Whitehouse Introduces ‘Buffett Rule’ to Ensure Wealthiest Americans Pay Fair Share in Taxes
Paying a Fair Share Act would ensure multi-million-dollar earners pay at least a 30 percent effective tax rate
Washington, DC – With income inequality soaring to a level not experienced in America since prior to the Great Depression, U.S. Senator Sheldon Whitehouse (D-RI) today introduced legislation to prevent America’s top earners from paying lower tax rates than middle-class families. The Paying a Fair Share Act, also known as the “Buffett Rule,” would ensure that multi-million-dollar earners pay at least a 30 percent effective federal tax rate. The measure would reduce the federal deficit by an estimated $119 billion over the next decade.
“We are living through a new Gilded Age, cemented by President Trump’s massive tax giveaway to the wealthy,” said Whitehouse, who first introduced the Paying a Fair Share Act in 2012. “Basic fairness needs to be restored to the tax code. Hardworking teachers, nurses, and police officers pay their share in taxes. The wealthiest Americans who benefit the most from our economic system should not be allowed to exploit tax loopholes to skip out on doing their part.”
The bill is also sponsored by Jeff Merkley (D-OR), Jack Reed (D-RI), Richard Blumenthal (D-CT), Dianne Feinstein (D-CA), Tammy Duckworth (D-IL), Chris Van Hollen (D-MD), Cory Booker (D-NJ), Tammy Baldwin (D-WI), Elizabeth Warren (D-MA), Ed Markey (D-MA), Dick Durbin (D-IL), Amy Klobuchar (D-MN), Patrick Leahy (D-VT), Kirsten Gillibrand (D-NY), and Mazie Hirono (D-HI).
In 2016, the highest-earning 0.001% of Americans – making an average of $145 million each – paid an average effective federal tax rate of just 23 percent, far short of the top marginal rate of 37 percent.

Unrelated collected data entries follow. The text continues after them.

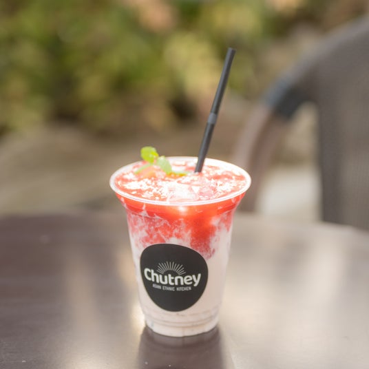 ¥660(税込)/5F CHUTNEYフレッシュほこたいちごのラッシーフレッシュないちごをふんだんに使用!濃厚な中にもさわやかな飲み心地でスパイスの効いた料理と相性抜群!
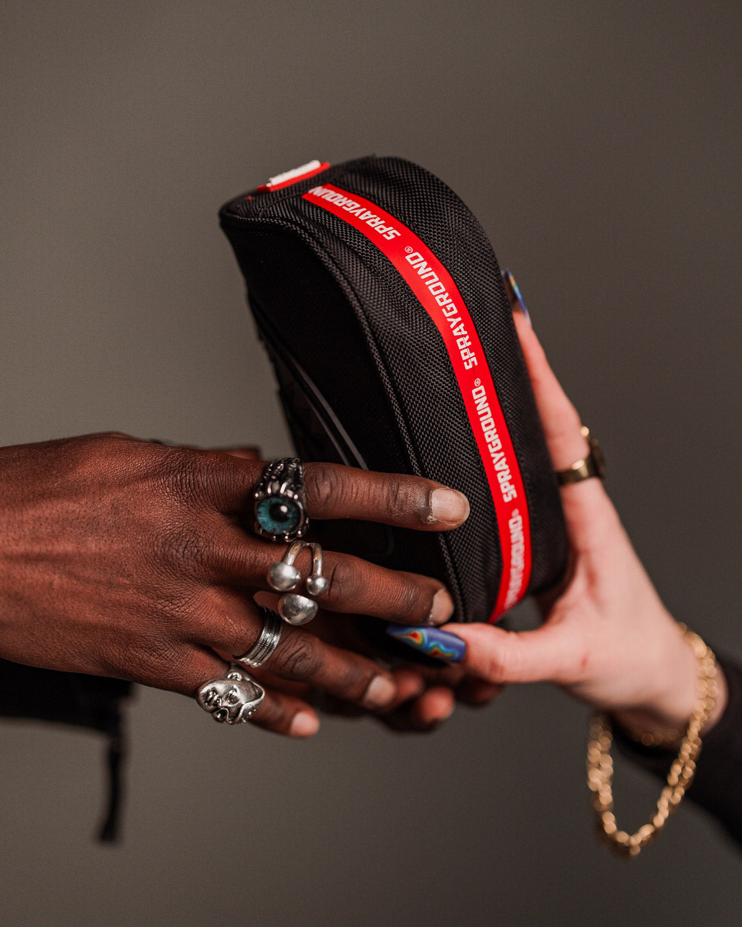 Ballistic polyester with SPRAYGROUND printed zipper tape and a rubber sharkmouth.
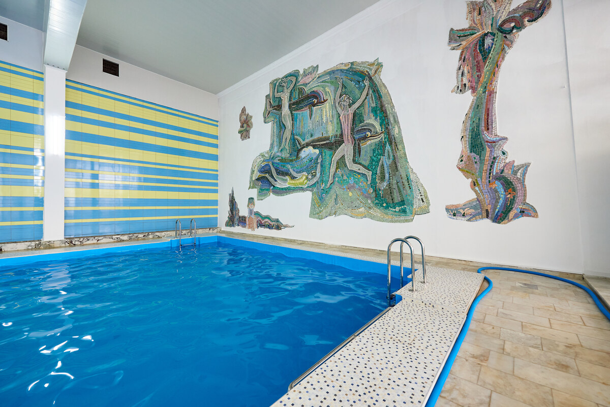 На территории санатория имеется большой крытый бассейн (20x15) с пресной водой.
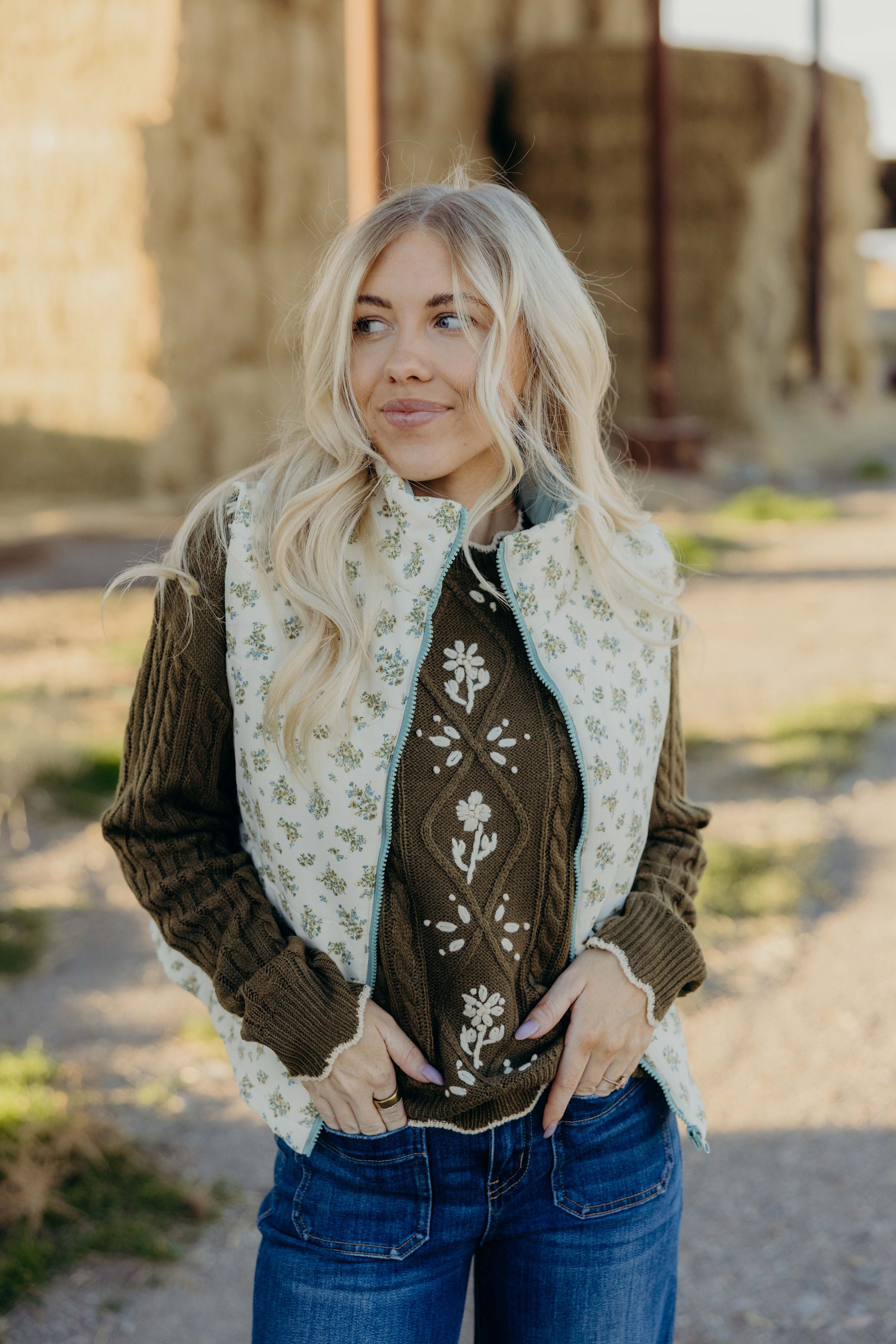 The Roswell vest combines a refined floral design with practical features for everyday elegance. Crafted from light corduroy, this puffer vest offers gentle warmth without bulk. A convenient zip up front and discreet pockets enhance its functional appeal, making it an ideal layering piece for sophisticated, effortless style.
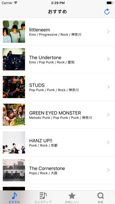 ジャンル別、地域別など検索条件が豊富!好きな音楽が見つけやすい!
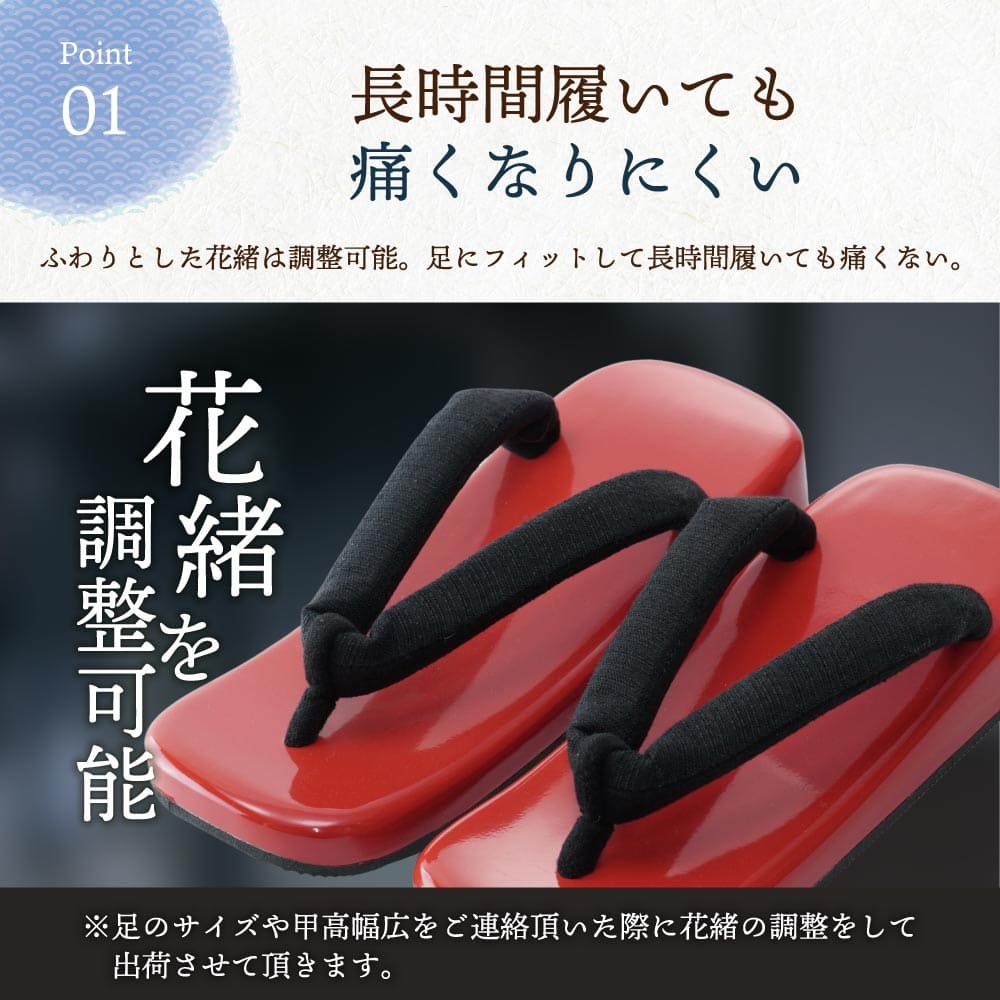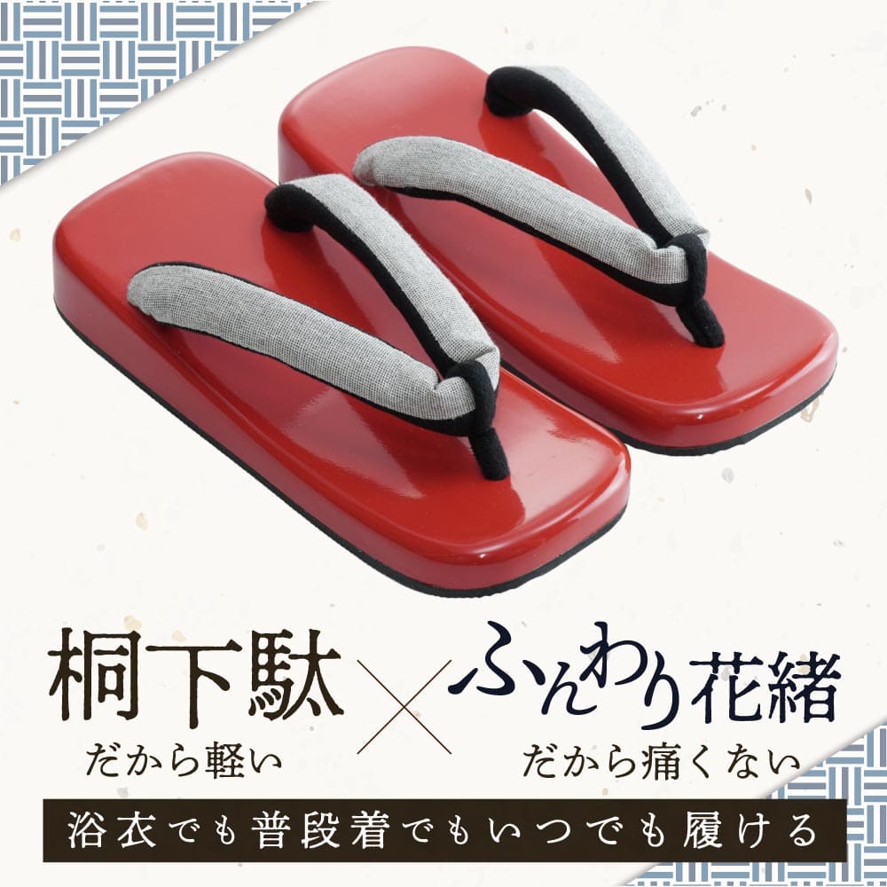 特徴3.美しい艶のある朱塗り仕上げ 桐男草履下駄は、材料に非常に軽量で柔らかい「桐」を使用し、下駄の表面を職人が1足1足丁寧に手仕上げし塗りあげた美しい仕上がりとなっています。
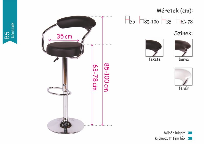 A modern megoldások egyre több otthonban kapnak helyet. A B5 bárszék krómozott fém lábbal, barna, fekete vagy fehér műbőr kárpittal egyértelműen a modern stílusjegyeket magukon hordozó otthonok elmaradhatatlan eleme. Beépített lábtartójával és háttámlájával a kényelemről is maximálisan gondoskodik.
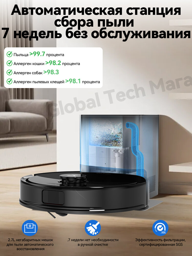 Удобная автостанция сбора пыли избавляет вас от необходимости часто опорожнять пылесборник. Просто наслаждайтесь чистотой, а робот сам позаботится о сборе мусора. Это особенно удобно для тех, у кого аллергия или домашние животные.
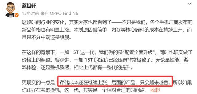 OPPO高档公关司理蔡祖轩在酬酢平台上暗意:存储老本还在不时高潮,背面的家具只会越来越贵。提倡宇宙心爱一加15T的话,不错赶早下手。
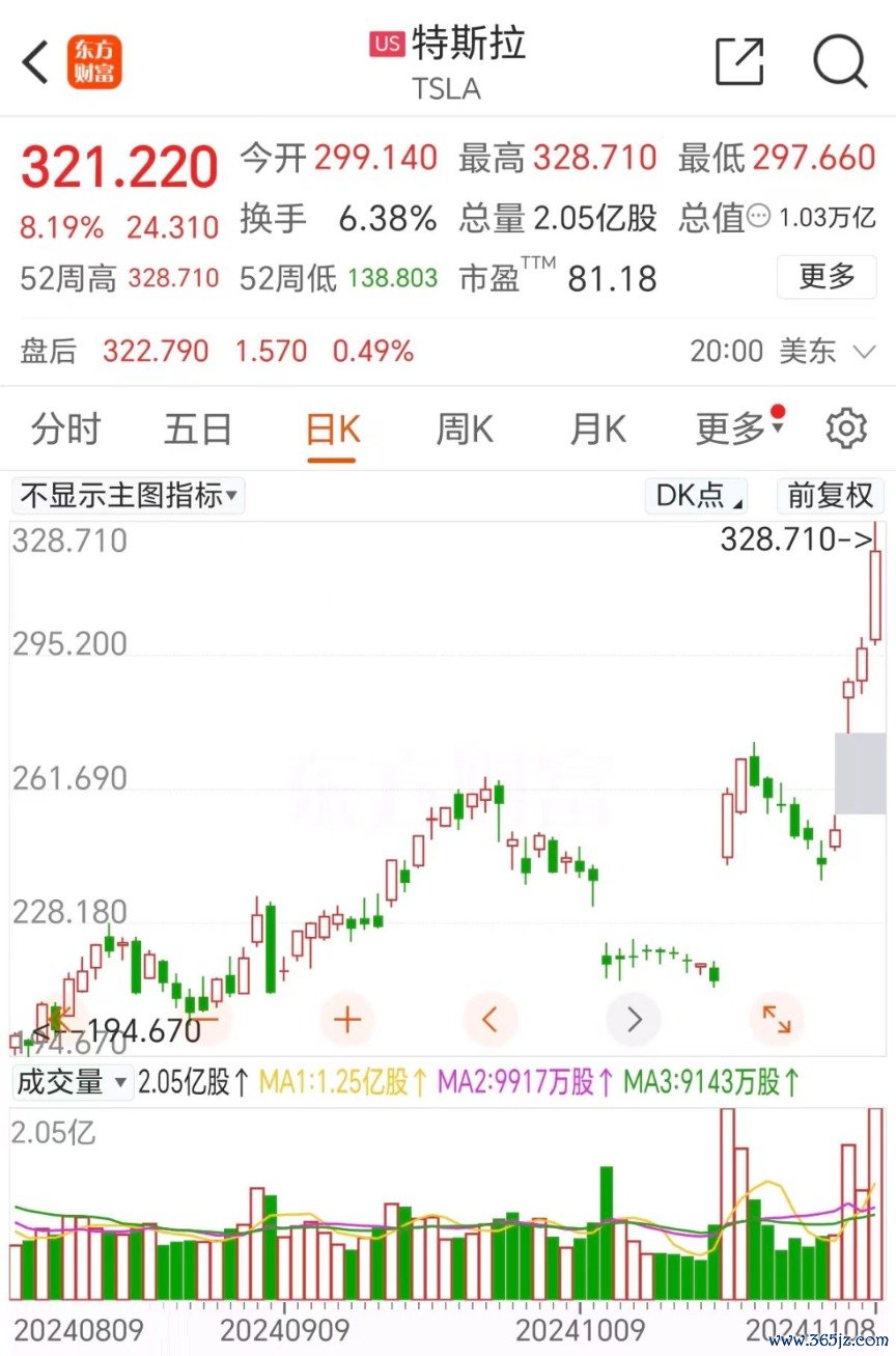 而受益特朗普交易的还有特斯拉。周五特斯拉股价强劲上涨,盘中涨幅一度扩大至10%以上,创2022年4月以来新高。收盘仍涨超8%,推动其市值重新突破万亿美元大关,达到1.03万亿美元。
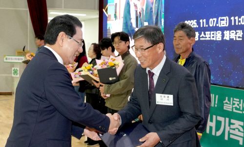 김영록 전남도지사가 7일 영광스포티움 국민체육센터에서 열린 ‘2025 전남 4-H가족 어울림한마당’ 행사에서 유공자들에게 시상을 하고 기념촬영을 하고 있다.
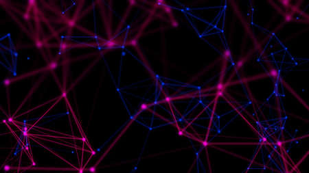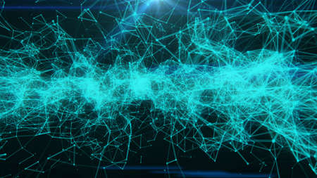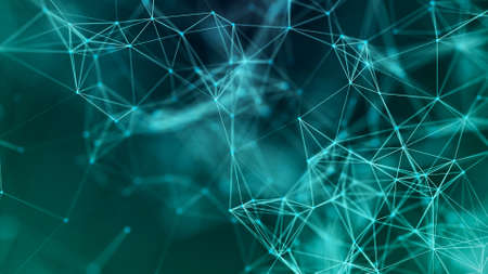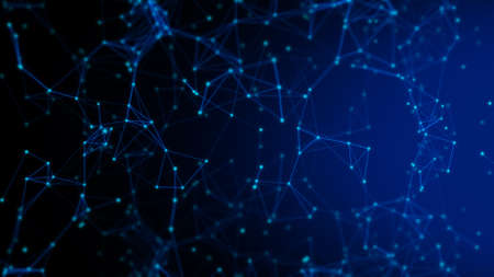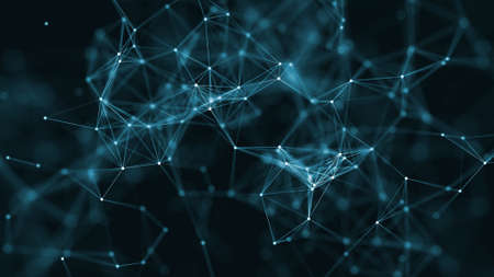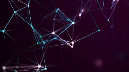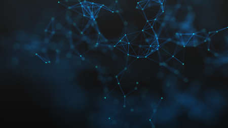 Network connection structure. Abstract background with moving dots and lines. Futuristic illustration. Digital technology design. 3d rendering.
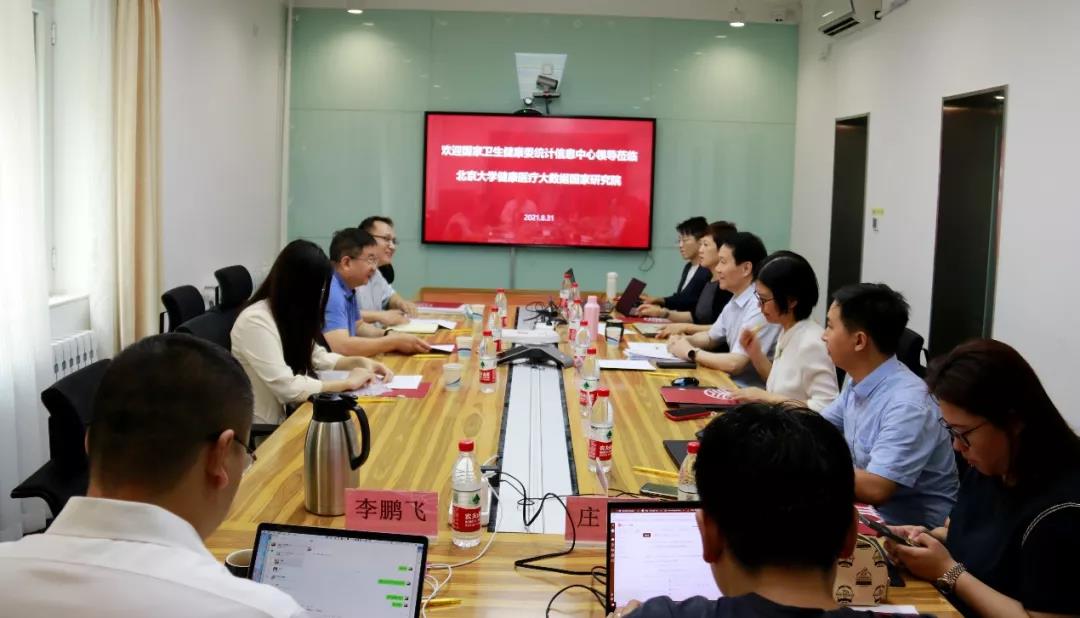 2021年8月31日,国家卫生健康委统计信息中心周恭伟副主任、大数据办赵飞副处长一行到访北京大学健康医疗大数据国家研究院(以下简称“研究院”)调研。研究院院长詹启敏院士、副院长张路霞教授以及研究院相关科研、管理人员参加会议。双方就健康医疗大数据应用管理发展等问题展开深入交流讨论。
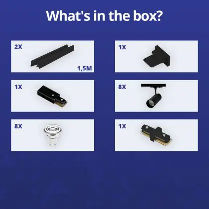 Bright Choice Komplettset 1-Phasen Rail 3 Meter Schwarz | incl. 8x Spot + GU10 2700K 3W Dimmbar + Abschlusskappe, Stromanschluss und I-Verbinder
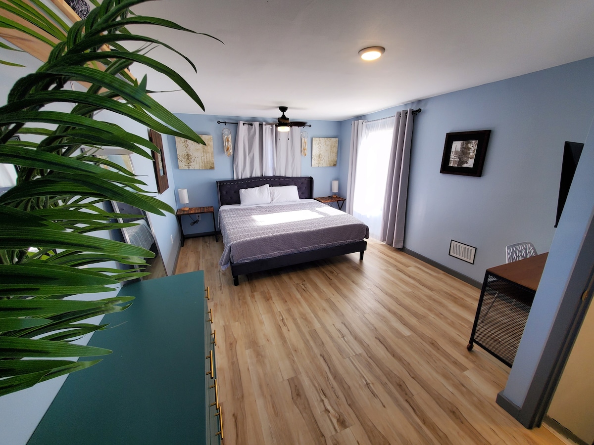 Peaceful, fun, open, intentionally designed 3 bedroom oasis in central Kearney, Nebraska. 🏡 King suite, Queen bedroom, Full over Full "Bunkhouse", Futon, 2 couches, twin floor bed & Queen Air Mattress Roku TVs & extra blankets in every room PS4 Foosball 🤙 Boho Hanging Egg Chairs Dining table seats 8 Coffee bar ☕️ Butcher block Full fridge & freezer Washer & Dryer Tons of games Privacy fenced yard w/ large deck, dining table, fire table, grill, & hammocks! Play & relax 🪴🏡🪴
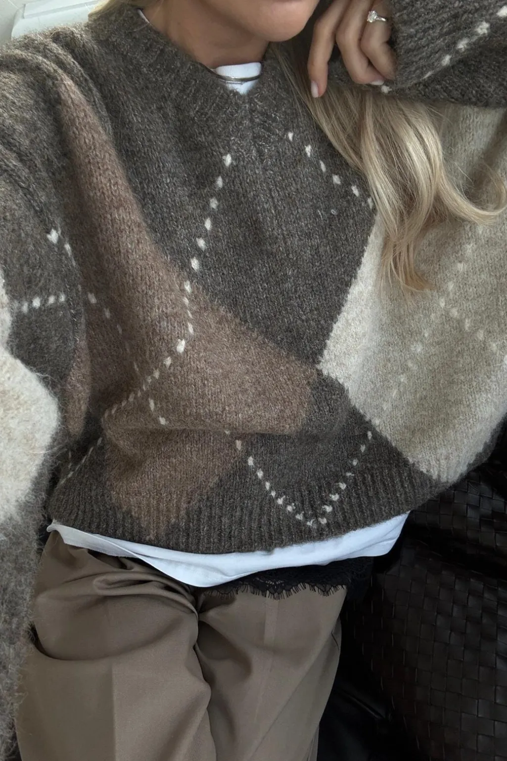 Strik fra Noella i en blanding af brune og lyse beige nuancer. Sweateren har et klassisk argyle-mønster med dekorative syninger.
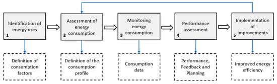 Therefore, electrical energy management in buildings becomes essential to reduce energy demand [4,8] and to improve energy efficiency [9,10]. To do so, it is necessary to determine how the electrical energy is being used, allowing the acquisition of information to propose solutions that increase efficiency [11,12]. From the information on energy use, it is possible to characterize buildings through indicators that can be used to direct the actions of energy management in organizations [13].

That is similar to the effective rate paid by the average iron and steel worker or high school special education teacher in Rhode Island, according to data from the IRS and the Rhode Island Department of Labor and Training.
The Paying a Fair Share Act would apply only to taxpayers with income over $1 million, including capital gains and dividends, and would phase in over their second million dollars in income. The bill includes language to preserve the incentive for charitable giving. Directions on how taxes would be calculated are available here.
The “Buffett Rule” is named after Warren Buffett, the legendary investor who has famously lamented that he pays a lower tax rate than his secretary. Former President Barack Obama proposed adding the Buffett Rule to the tax code to ensure that those at the top pay at least the tax rate paid by middle-class families.